Kannan further teaches wherein the one or more performance metrics include one or more inferencing request metrics (col 18, lines 61-63 Executing a neural network on a set of input data can be referred to as inference or performing inference; col 10, lines 57-59 At block 708, the partitions can be adjusted or optimized by moving computations from a source partition to a target partition to change execution latencies of the partitions). Examiner notes: execution latencies of a partition result from the processing of an inference request) and the circuitry is to cause the one or more neural networks to be dynamically partitioned also based, at least in part, on one or more graphics processing unit metrics (col 2, lines 53-54 Each processing core can be a processor, GPU; col 6, lines 17-27 The weight loading latency of a partition can be the total number of weight loading clock cycles for loading weights used by the nodes in the partition during execution of the neural network model.

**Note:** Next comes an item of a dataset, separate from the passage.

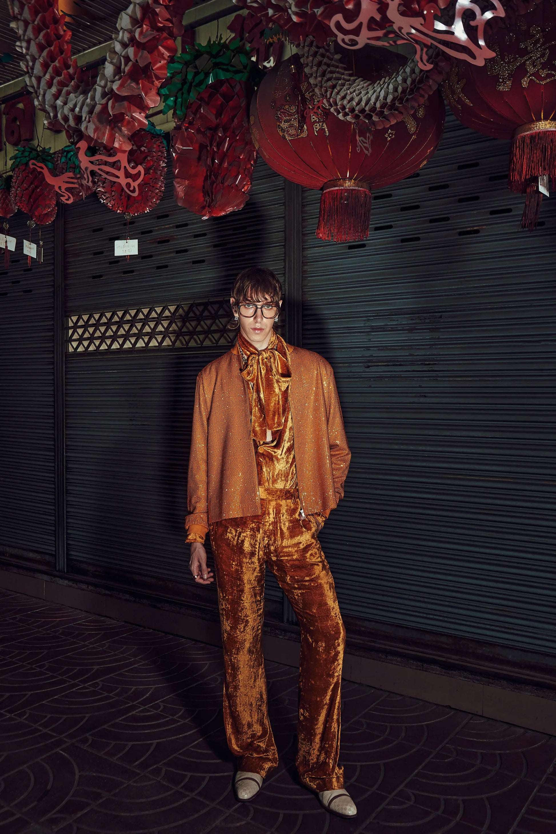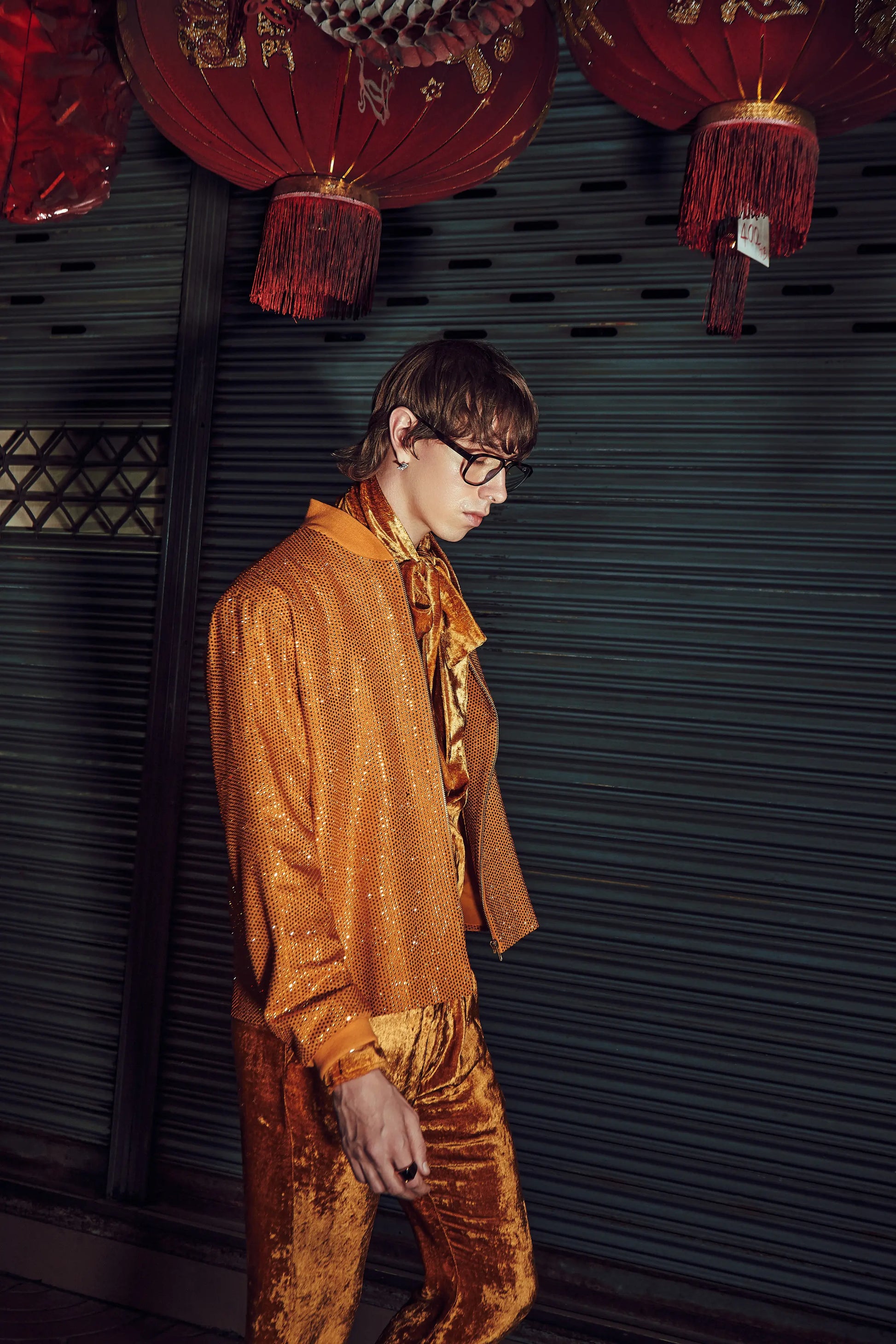 This set includes a mustard bomber jacket in melon crepe and a matching velvet coord set.

The number of weight loading clock cycles can be computed based on the total number of weights used by the nodes in the partition, the size or capacity of the on-chip memory (e.g., cache memory) of the processing integrated circuit device or processing core allocated for weights storage).

Regarding claim 9, it is the system of claim 1. Therefore, it is rejected for the same reasons as claim 1. 
	Kannan further teaches a system comprising one or more processors (col 12, line 18 four processing cores), and one or more memories to store one or more of the one or more performance metrics (Fig 8, #806 The storage device; col 5, line 64 an execution latency can be calculated for each partition).

Regarding claim 10, Kannan and Kursun teaches the system of claim 9. 
Kannan further teaches wherein the one or more performance metrics of the one or more neural networks include an inferencing request throughput or an inferencing request latency (col 10, lines 57-59 At block 708, the partitions can be adjusted or optimized by moving computations from a source partition to a target partition to change execution latencies of the partitions; col 18, lines 61-63 Executing a neural network on a set of input data can be referred to as inference or performing inference).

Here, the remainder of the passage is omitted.